▸ **Data excerpts**
════════════════════
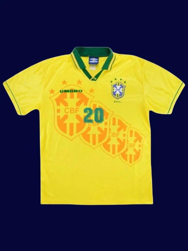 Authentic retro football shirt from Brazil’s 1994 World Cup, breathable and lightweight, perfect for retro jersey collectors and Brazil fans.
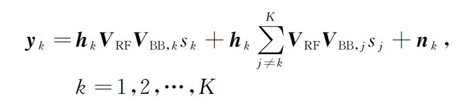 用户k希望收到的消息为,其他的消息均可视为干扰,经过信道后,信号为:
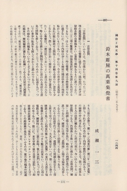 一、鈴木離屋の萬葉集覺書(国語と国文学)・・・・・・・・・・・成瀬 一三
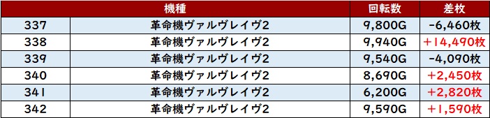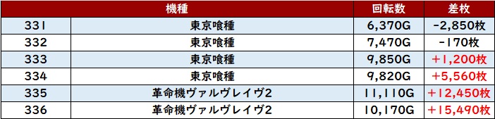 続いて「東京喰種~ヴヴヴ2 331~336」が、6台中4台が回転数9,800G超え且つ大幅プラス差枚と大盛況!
════════════════════
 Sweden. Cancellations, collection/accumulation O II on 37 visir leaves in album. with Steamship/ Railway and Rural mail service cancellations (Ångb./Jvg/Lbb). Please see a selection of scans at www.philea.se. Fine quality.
════════════════════
▸ **What you have to do**
Look above for the line with "Authentic retro football" and the line with "続いて「東京喰種~ヴヴヴ2 331~33", then copy exactly the lines from the first through the second, both kept, with no pictures.

▸ **Output of the task**
 Authentic retro football shirt from Brazil’s 1994 World Cup, breathable and lightweight, perfect for retro jersey collectors and Brazil fans.
 用户k希望收到的消息为,其他的消息均可视为干扰,经过信道后,信号为:
 一、鈴木離屋の萬葉集覺書(国語と国文学)・・・・・・・・・・・成瀬 一三
 続いて「東京喰種~ヴヴヴ2 331~336」が、6台中4台が回転数9,800G超え且つ大幅プラス差枚と大盛況!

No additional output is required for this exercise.